## Exercise inputs
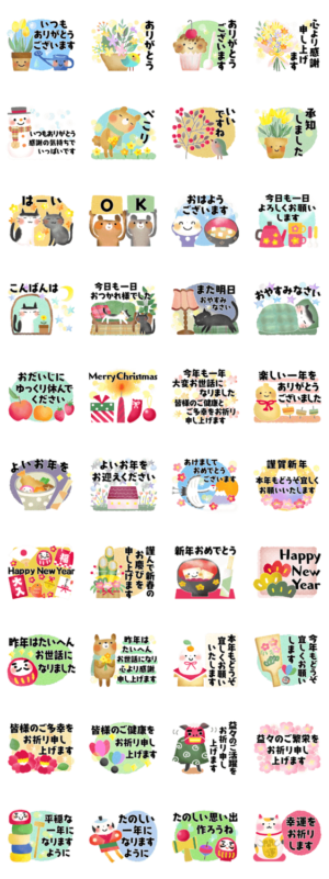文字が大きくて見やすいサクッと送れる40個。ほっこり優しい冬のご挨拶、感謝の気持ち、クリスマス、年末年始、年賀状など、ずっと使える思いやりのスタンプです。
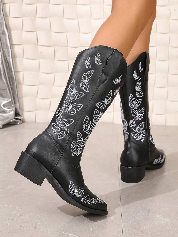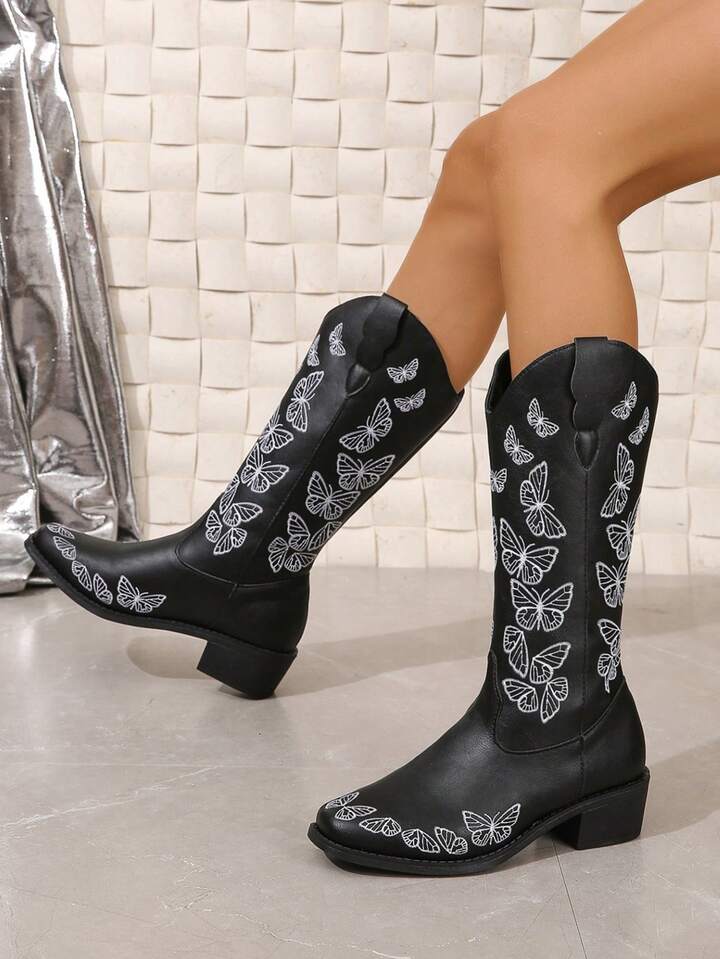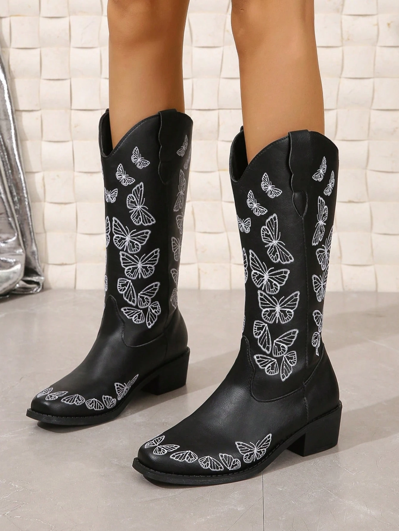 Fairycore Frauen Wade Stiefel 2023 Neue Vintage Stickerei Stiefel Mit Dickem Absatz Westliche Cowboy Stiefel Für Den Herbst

---

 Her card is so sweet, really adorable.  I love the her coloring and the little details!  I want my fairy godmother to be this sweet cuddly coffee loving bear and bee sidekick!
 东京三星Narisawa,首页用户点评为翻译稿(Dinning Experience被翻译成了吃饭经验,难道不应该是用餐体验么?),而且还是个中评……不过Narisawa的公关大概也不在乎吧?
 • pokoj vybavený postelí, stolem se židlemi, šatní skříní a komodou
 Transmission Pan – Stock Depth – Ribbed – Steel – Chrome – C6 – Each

## Exercise prompt
Please give again the lines above between the line holding "Her card is" and the line holding "东京三星Narisawa,首", inclusive, exactly as they are and with nothing added.

## Response for this exercise
 Her card is so sweet, really adorable.  I love the her coloring and the little details!  I want my fairy godmother to be this sweet cuddly coffee loving bear and bee sidekick!
 东京三星Narisawa,首页用户点评为翻译稿(Dinning Experience被翻译成了吃饭经验,难道不应该是用餐体验么?),而且还是个中评……不过Narisawa的公关大概也不在乎吧?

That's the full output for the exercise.